Full information about the medicine is contained in the Summary of Product Characteristics.

Dosage and administration

The medicine is inactive when administered orally. The medicine can be administered as an intravenous infusion, intravenous injection, subcutaneously, or intrathecally.

Standard doses

For the initial treatment (induction of remission) of acute non-lymphocytic leukemia, the dose of the medicine used in combination with other anticancer medicines is usually 100 mg/m2 per day as a continuous intravenous infusion (days 1-7) or 100 mg/m2 intravenously every 12 hours (days 1-7).

• 1.

High doses

From 2 g/m2 to 3 g/m2, administered as an intravenous infusion lasting from 1 to 3 hours, used every 12 hours for 2-6 days in combination with other anticancer medicines or as monotherapy. In the case of high-dose therapy, solvents containing benzyl alcohol should not be used.

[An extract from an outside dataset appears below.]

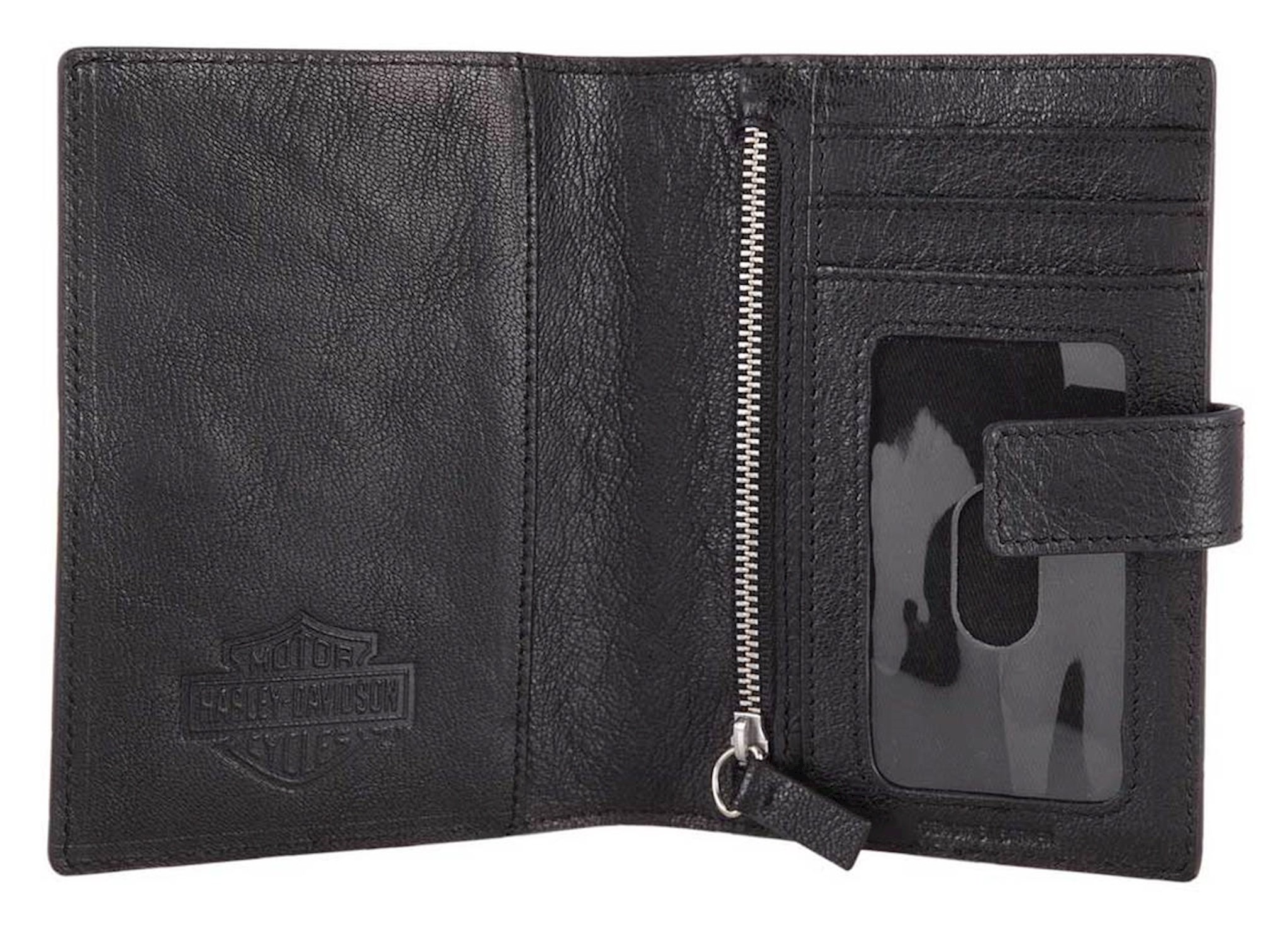 Harley-Davidson® Classic Passport Wallet. Made of high-quality black Genuine leather with a smooth texture. Features embossed Bar & Shield logo with Harley-Davidson® script. Secure double snap closure. Interior features: passport slot, two credit card slot, ID window and zippered coin pocket. RFID Protection, blocks hackers from reading your information. Polished nickel finish. Size: 6" x 4.25".

The dosage of the medicine in acute lymphatic leukemia and non-Hodgkin's lymphoma in children should be in accordance with current guidelines.

For the reconstitution of the product, a preservative-free 0.9% sodium chloride solution for injection should be used. The product should be administered immediately after preparation.

Pharmaceutical incompatibilities

The medicine is physically incompatible with heparin, insulin, 5-fluorouracil, and sodium hydrocortisone acetate, as well as penicillins such as oxacillin and penicillin G.

Pharmaceutical compatibility

Cytarabine is compatible with the following products in the specified concentrations, in a 5% aqueous glucose solution for 8 hours: cytarabine 0.8 mg/ml and cefalotin (sodium) 1.0 mg/ml; cytarabine 0.4 mg/ml and prednisolone (sodium phosphate) 0.2 mg/ml; cytarabine 16 mg/ml and vincristine (sulfate) 4 µg/ml. Cytarabine is also physically compatible with methotrexate.

Special precautions for storage

Stability and compatibility after reconstitution

Studies on the chemical and physical stability of the medicine have shown that cytarabine remains stable for 7 days at a temperature below 25°C in glass bottles and plastic bags for intravenous infusions in a solution with a concentration of 0.5 mg/ml after mixing with the following solvents:

• water for injection,
• 5% glucose solution for injection,
• 0.9% sodium chloride solution for injection.

Cytarabine also remains stable for 7 days at a temperature below 25°C, at 20°C, and at 4°C in glass bottles and plastic bags for intravenous infusions in a solution with a concentration of 8-32 mg/ml after mixing with the following solvents:

• 5% glucose solution for injection,
• 5% glucose in 0.2% sodium chloride solution for injection,
• 0.9% sodium chloride solution for injection.

Cytarabine remains stable for up to 8 days at a temperature below 25°C in a concentration of 2 mg/ml in the presence of KCl at a concentration of 50 mEq/500 ml after mixing with the following solvents:

• 5% glucose solution for injection,
• 0.9% sodium chloride solution for injection.

Cytarabine also remains stable at a temperature below 25°C or at a temperature of 8°C in concentrations of 0.2-1.0 mg/ml in the presence of sodium bicarbonate equivalent to 50 mEq/l in 5% glucose solution or 5% glucose in 0.2% sodium chloride solution for 7 days in glass bottles or plastic bags for intravenous infusions.

Intravenous injections of cytarabine and prepared infusion solutions do not contain antimicrobial preservatives. Therefore, it is recommended to prepare further dilutions immediately before use, and to start the infusion as soon as possible after preparation of the solution. The administration of the infusion should be completed within 24 hours of preparation of the solution, and any remaining solution should be discarded.